**Exercise goal:**
Please write out the lines of the data exactly, beginning with the first and ending with the line containing "Main Body (also"; leave the pictures behind.

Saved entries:

━━━━━━━━━━━━━━━━

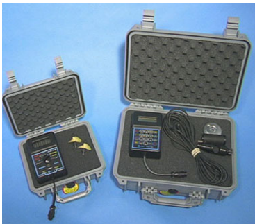
Optional Waterproof Carrying cases for Models 3000 and 2100

SWOFFER INSTRUMENTS 13704 24th St E, #A108 Sumner, WA 98390 USA (253) 661-8706 FAX (253) 661-8711 www.swoffer.com
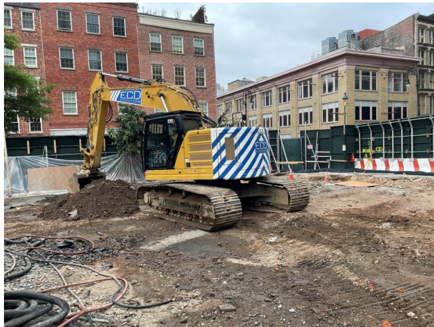
Photo 2: ECD excavating soil/fill in the southwestern part of the site (facing southwest)
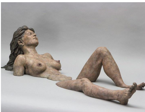
David Phelps, "American Beauty 3/35," Bronze, 9 x 40 x 12 in., $5,800
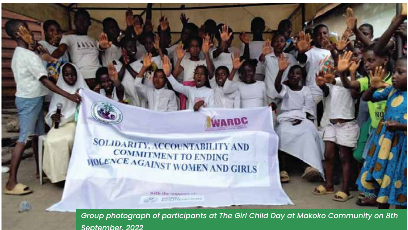
Group photograph of participants at The Girl Child Day at Makoko Community on 8th September, 2022
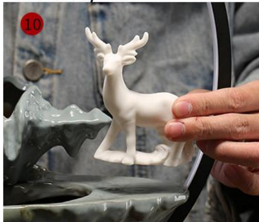
10 White deer ornament on top of water dispenser
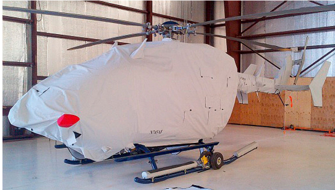
Main Body (also covers bottom), Tailboom, Vertical Pylon, Stabilizers and Tail Rotor Covers

This cover type is made from Silver Acrylic Sunbrella canvas and is 100% lined with a soft and smooth microfiber. Bruce's Custom Covers developed this material combination especially for aircraft protection. The outer material is medium weight and treated for water resistance, UV resistance and anti-static buildup. The inner lining is a very soft and smooth microfiber to prevent scratching. The material is very reflective, and tests show that the cabin interior temperature can be reduced to near-ambient temperature on the hottest of days. It is water, ice and snow repellent, yet breathable to allow moisture to escape from between the cover and the aircraft surface.

━━━━━━━━━━━━━━━━

**Result of this exercise:**
Optional Waterproof Carrying cases for Models 3000 and 2100

SWOFFER INSTRUMENTS 13704 24th St E, #A108 Sumner, WA 98390 USA (253) 661-8706 FAX (253) 661-8711 www.swoffer.com
Photo 2: ECD excavating soil/fill in the southwestern part of the site (facing southwest)
David Phelps, "American Beauty 3/35," Bronze, 9 x 40 x 12 in., $5,800
Group photograph of participants at The Girl Child Day at Makoko Community on 8th September, 2022
10 White deer ornament on top of water dispenser
Main Body (also covers bottom), Tailboom, Vertical Pylon, Stabilizers and Tail Rotor Covers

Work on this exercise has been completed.